FMI (Functional Mock-up Interface) is a widely adopted standard for simulation model exchange in industry, allowing models developed with different tools to be packaged into FMU format for exchange and facilitating cross-organizational collaboration.
### Testing Challenges
1. **Black-box nature**: FMU is a binary file, so white-box testing is ineffective;
2. **Lack of expected outputs**: Complex dynamic systems have no known "correct outputs" as a benchmark;
3. **State space explosion**: Input space is infinite, making exhaustive testing impossible.

## Solution: Metamorphic Testing and LLM Multi-Agent Framework

### Core Idea of Metamorphic Testing
Instead of directly judging output correctness, it checks the reasonable relationships between outputs (metamorphic relations, MRs). For example: sin(-x) = -sin(x). Industrial MRs include scaling, monotonicity, invariance, conservation laws, etc.
### LLM Multi-Agent Framework
Collaborated by 5 types of agents:
1. **Specification Parsing Agent**: Reads specification documents and identifies variables and requirements;
2. **Requirement Extraction Agent**: Identifies MR sources (symmetry, conservation laws, etc.) from specifications;
3. **MR Generation Agent**: Generates formal MRs using the Given-When-Then pattern;
4. **Test Generation Agent**: Converts MRs into executable test cases;
5. **Execution and Verification Agent**: Coordinates FMU simulation, verifies MRs, and generates reports.
### Advantages of the Given-When-Then Pattern
High readability, clear structure, easy to automate, and traceable.
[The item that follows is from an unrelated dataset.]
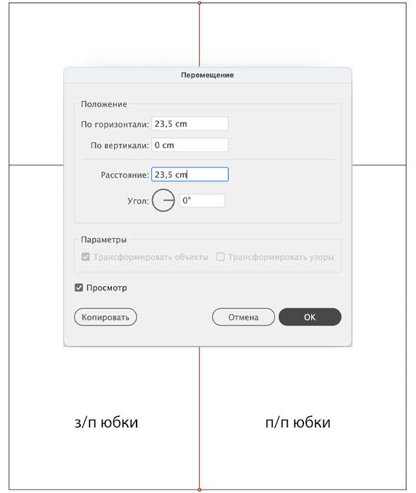 3) В диалоговом окне «Перемещение» введите следующие параметры: По горизонтали – 23,5 см; По вертикали – 0 см. Кликните на кнопку «ОК» (рис. 9).

## Case Study: Verification of a Lubricating Oil Cooling System Simulation Model

### Examples of Automatically Generated MRs
- **MR-1**: Load-temperature monotonicity (Under steady state, increasing heat load leads to a monotonic rise in oil temperature);
- **MR-2**: Flow conservation (In a closed loop, the inflow and outflow of the radiator are equal);
- **MR-3**: Cooling efficiency boundary (When ambient temperature is fixed, adjusting fan speed to 100% results in a reasonable drop in oil temperature).
### Experimental Results
- Successfully generated physically reasonable MRs;
- Significantly reduced manual workload;
- Discovered anomalies in model boundary conditions;
- Improved test coverage.

## Technical Advantages and Current Limitations

### Advantages
- **Multi-agent collaboration**: Specialized, interpretable, scalable, and robust;
- **LLM role**: Natural language understanding, domain knowledge reasoning, creative generation, and formal transformation.
### Limitations
- Dependent on the quality of specification documents;
- LLMs may generate hallucinated MRs;
- High computational cost;
- Adaptability to other physical domains needs verification.

## Practical Insights and Recommendations

### For Simulation Model Developers
1. Emphasize the quality of specification documents as the foundation for automated testing;
2. Adopt metamorphic thinking for test design;
3. Human-machine collaboration: Use LLMs to generate initial MR drafts, then refine them with expert review.
### For Test Engineers
1. When "correct outputs" cannot be defined, use metamorphic relations to verify relationships between outputs;
2. Specification-driven testing: Extract test basis from the requirement phase;
3. AI as an assistant rather than a replacement; final decisions depend on human judgment.

## Research Summary and Future Directions

### Summary
This solution combines LLM multi-agent and metamorphic testing, providing a new idea for industrial simulation model verification. It has been proven to reduce manual workload and improve test coverage.
### Future Directions
1. Develop automatic MR quality assessment methods;
2. Introduce active learning to optimize MR generation;
3. Support multi-modal specification documents;
4. Explore real-time test generation in CI/CD pipelines.